--- MATERIAL SUPPLIED Enclosed Below ---

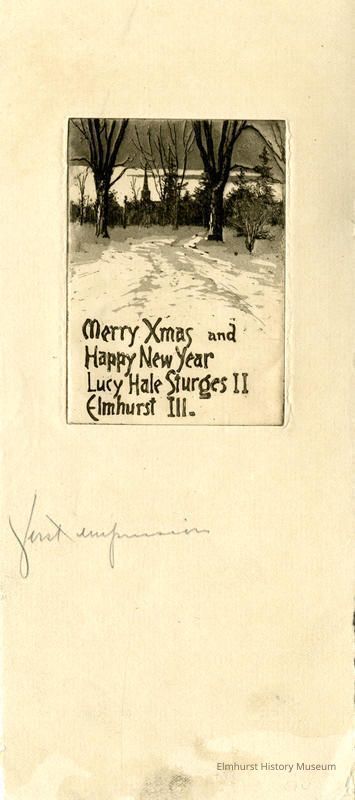 Etching: a snow scene with trees and a church steeple in the background above the text: "Christmas Greetings Merry Xmas and /Happy New Year / Lucy Hale Sturges II / Elmhurst Ill. Not dated. First impression.
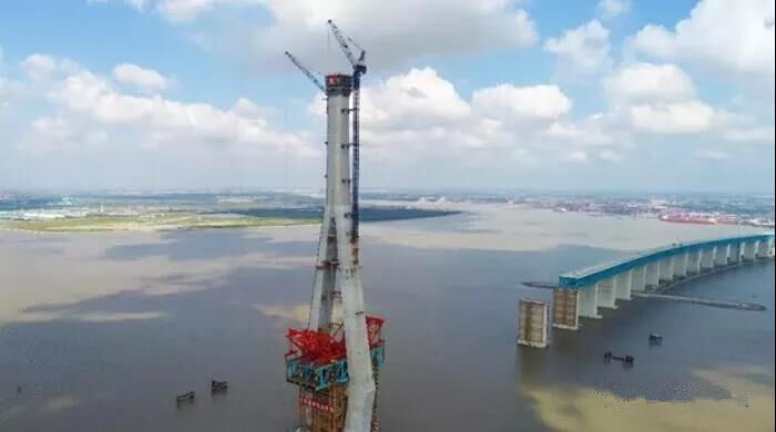 在國(guó)內(nèi),大部分橋梁主塔高度都在260米以下,300米以上極其少見(jiàn),而本次完成施工的大橋北側(cè)主塔,建設(shè)整體高達(dá)330米,相當(dāng)于110層高樓,為國(guó)內(nèi)最高主塔,同時(shí)也是世界公鐵兩用斜拉橋中最高主塔;混凝土澆筑達(dá)7.3萬(wàn)方,鋼筋1.1萬(wàn)噸,體量也為世界最大。
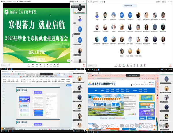 为精准做好毕业生就业服务与指导,通过线上召开就业指导主题班会、班主任会、就业推进专题班委会等形式,系统部署、全面推进寒假期间毕业生就业工作,全力护航学生高质量充分就业。老师们结合专业特点与学生实际,详细解读就业政策、求职渠道、简历优化、面试技巧、签约注意事项等实用内容,提醒学生合理规划寒假时间,积极参与线上网络招聘与实习实践,做到假期不停学、求职不断线。同时开展分类指导与个性化答疑,帮助学生明确目标、找准定位、增强信心。各班班委充分发挥桥梁纽带作用,及时传达学院就业工作安排,协助辅导员和班主任梳理统计班级同学就业意向、存在困难与实际需求、信息推送、进度跟踪与困难帮扶,形成“学院统筹、班级落实、全员参与”的就业工作合力。
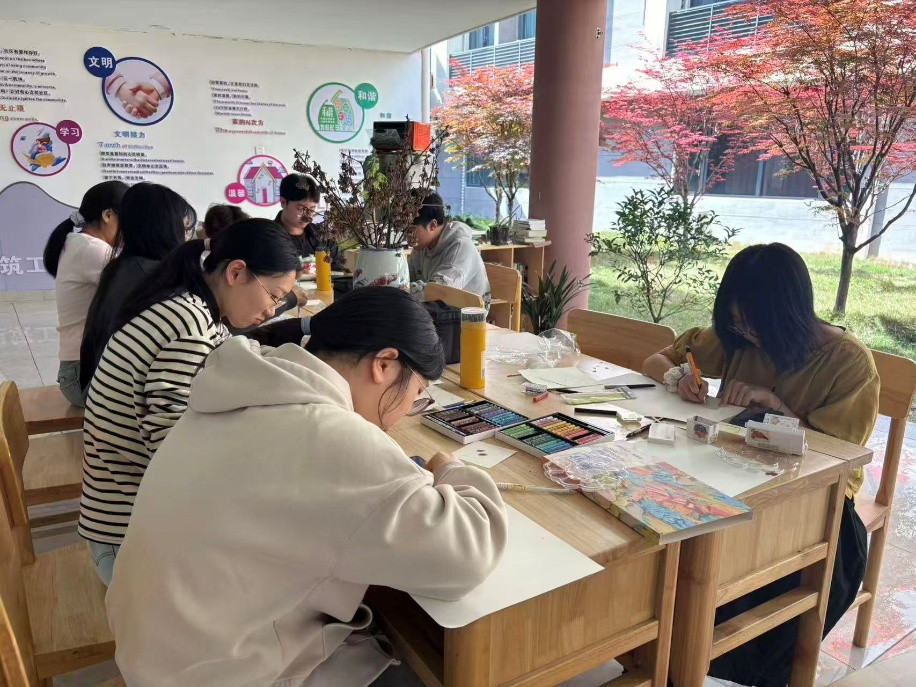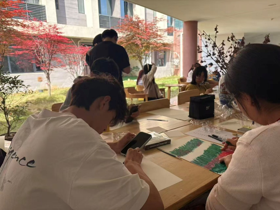活动正式进入绘画创作环节,现场氛围安静而热烈。大家围坐在长桌旁,面前整齐陈列着彩铅、水彩、画本等全套绘画物料,全员沉心投入创作。同学们低头描摹勾勒、随心配色铺陈,将眼中春日盛景、心底浪漫情怀尽数倾注于画笔之上。创作间隙,大家彼此交流创意想法、分享绘画心得,在互相欣赏、彼此鼓励的轻松氛围里,尽情释放艺术灵感,用斑斓色彩定格春日美好,尽显青年蓬勃鲜活的青春朝气。
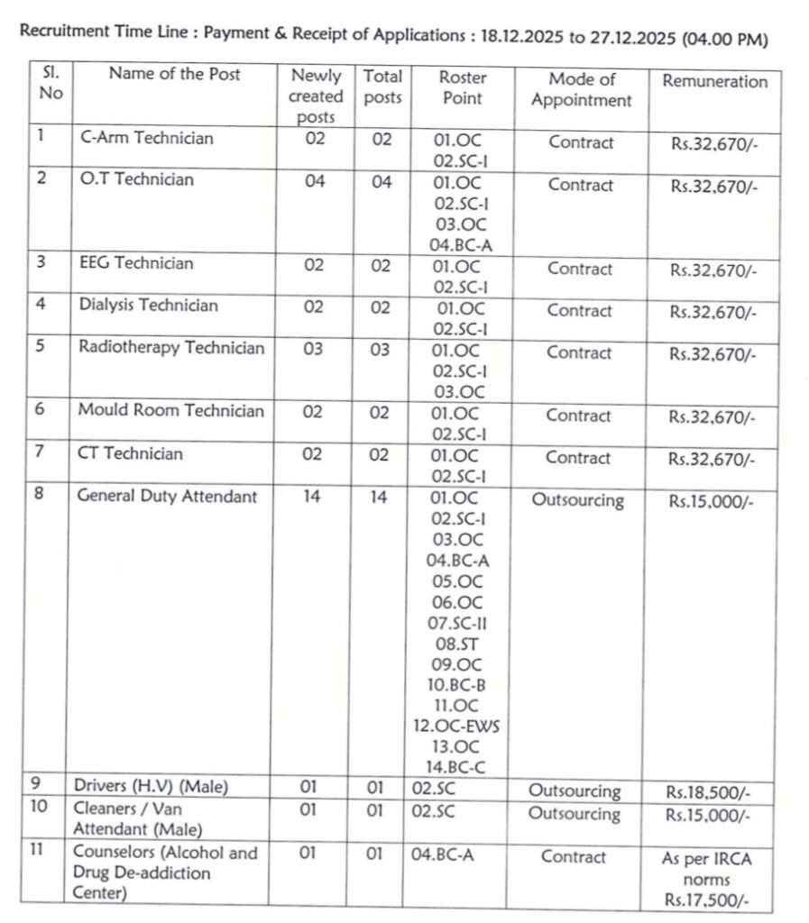 పోస్ట్ పేరు :: సి-ఆర్మ్ టెక్నీషియన్, O.T టెక్నీషియన్, EEG టెక్నీషియన్, డయాలసిస్ టెక్నీషియన్, రేడియోథెరపీ టెక్నీషియన్, మోల్డ్ రూమ్ టెక్నీషియన్, CT టెక్నీషియన్, జనరల్ డ్యూటీ అటెండెంట్, డ్రైవర్లు & క్లీనర్లు/వ్యాన్ అటెండెంట్ పోస్టులు ఉన్నాయి.

--- End of Enclosed MATERIAL SUPPLIED ---

Every entry above needs to be duplicated exactly, without its images.

RESPONSE BOX:
 Etching: a snow scene with trees and a church steeple in the background above the text: "Christmas Greetings Merry Xmas and /Happy New Year / Lucy Hale Sturges II / Elmhurst Ill. Not dated. First impression.
 在國(guó)內(nèi),大部分橋梁主塔高度都在260米以下,300米以上極其少見(jiàn),而本次完成施工的大橋北側(cè)主塔,建設(shè)整體高達(dá)330米,相當(dāng)于110層高樓,為國(guó)內(nèi)最高主塔,同時(shí)也是世界公鐵兩用斜拉橋中最高主塔;混凝土澆筑達(dá)7.3萬(wàn)方,鋼筋1.1萬(wàn)噸,體量也為世界最大。
 为精准做好毕业生就业服务与指导,通过线上召开就业指导主题班会、班主任会、就业推进专题班委会等形式,系统部署、全面推进寒假期间毕业生就业工作,全力护航学生高质量充分就业。老师们结合专业特点与学生实际,详细解读就业政策、求职渠道、简历优化、面试技巧、签约注意事项等实用内容,提醒学生合理规划寒假时间,积极参与线上网络招聘与实习实践,做到假期不停学、求职不断线。同时开展分类指导与个性化答疑,帮助学生明确目标、找准定位、增强信心。各班班委充分发挥桥梁纽带作用,及时传达学院就业工作安排,协助辅导员和班主任梳理统计班级同学就业意向、存在困难与实际需求、信息推送、进度跟踪与困难帮扶,形成“学院统筹、班级落实、全员参与”的就业工作合力。
活动正式进入绘画创作环节,现场氛围安静而热烈。大家围坐在长桌旁,面前整齐陈列着彩铅、水彩、画本等全套绘画物料,全员沉心投入创作。同学们低头描摹勾勒、随心配色铺陈,将眼中春日盛景、心底浪漫情怀尽数倾注于画笔之上。创作间隙,大家彼此交流创意想法、分享绘画心得,在互相欣赏、彼此鼓励的轻松氛围里,尽情释放艺术灵感,用斑斓色彩定格春日美好,尽显青年蓬勃鲜活的青春朝气。
 పోస్ట్ పేరు :: సి-ఆర్మ్ టెక్నీషియన్, O.T టెక్నీషియన్, EEG టెక్నీషియన్, డయాలసిస్ టెక్నీషియన్, రేడియోథెరపీ టెక్నీషియన్, మోల్డ్ రూమ్ టెక్నీషియన్, CT టెక్నీషియన్, జనరల్ డ్యూటీ అటెండెంట్, డ్రైవర్లు & క్లీనర్లు/వ్యాన్ అటెండెంట్ పోస్టులు ఉన్నాయి.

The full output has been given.